# What you need to do
The data is to be repeated exactly, with the images removed.

# Provided material
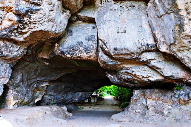 Am Felsentor Kuhstall machen wir unseren ersten Halt. Dort klettern wir auch die Himmelsleiter empor.
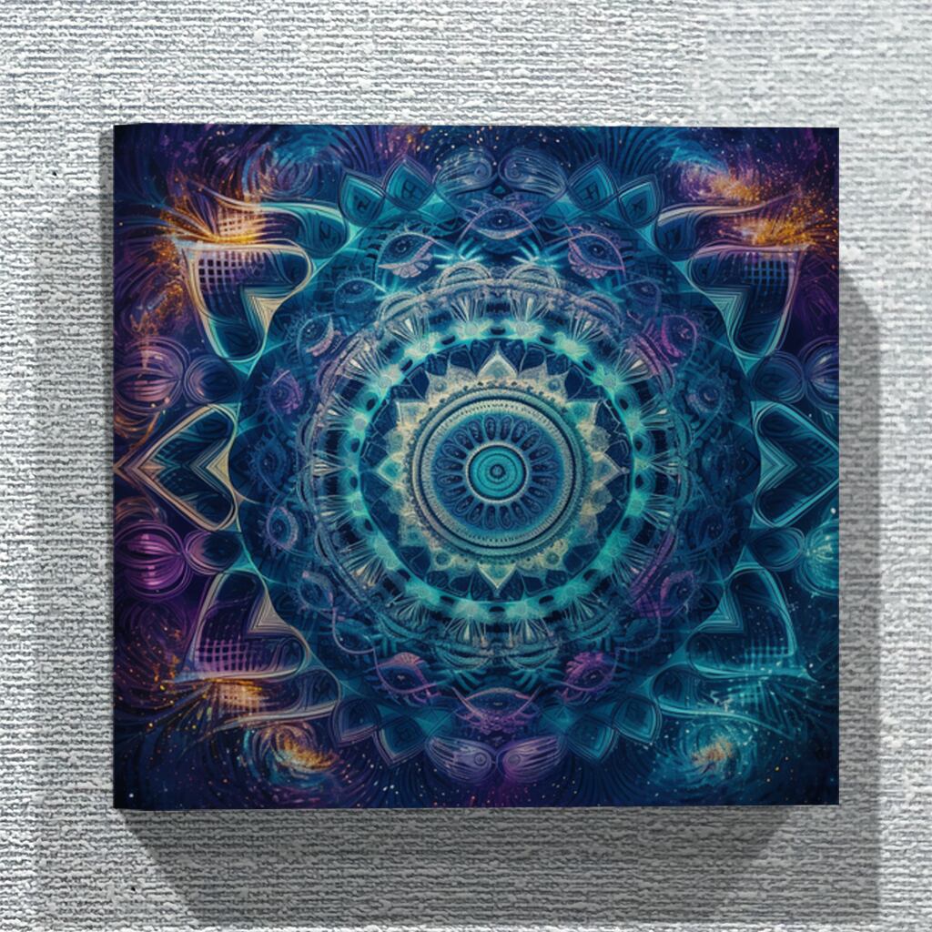 この曼荼羅はイルカの好奇心や遊び心、そして本質との調和のエネルギーを感じて制作しました。
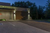 This stock photo features a stunning view of a modern residential building in Toronto during the early hours of dawn. The building's architecture boasts a sleek facade made of composite materials, with ample lighting shining through the floor-to-ceiling windows. The surrounding landscape is adorned with a variety of trees and vegetation, creating a pleasant residential area. The well-maintained parking lot and asphalt road surface blend seamlessly into the scene. The clear sky and artificial lights add a touch of serenity to the image, making it ideal for real estate, property, and business-related designs or articles.

# Written solution
 Am Felsentor Kuhstall machen wir unseren ersten Halt. Dort klettern wir auch die Himmelsleiter empor.
 この曼荼羅はイルカの好奇心や遊び心、そして本質との調和のエネルギーを感じて制作しました。
 This stock photo features a stunning view of a modern residential building in Toronto during the early hours of dawn. The building's architecture boasts a sleek facade made of composite materials, with ample lighting shining through the floor-to-ceiling windows. The surrounding landscape is adorned with a variety of trees and vegetation, creating a pleasant residential area. The well-maintained parking lot and asphalt road surface blend seamlessly into the scene. The clear sky and artificial lights add a touch of serenity to the image, making it ideal for real estate, property, and business-related designs or articles.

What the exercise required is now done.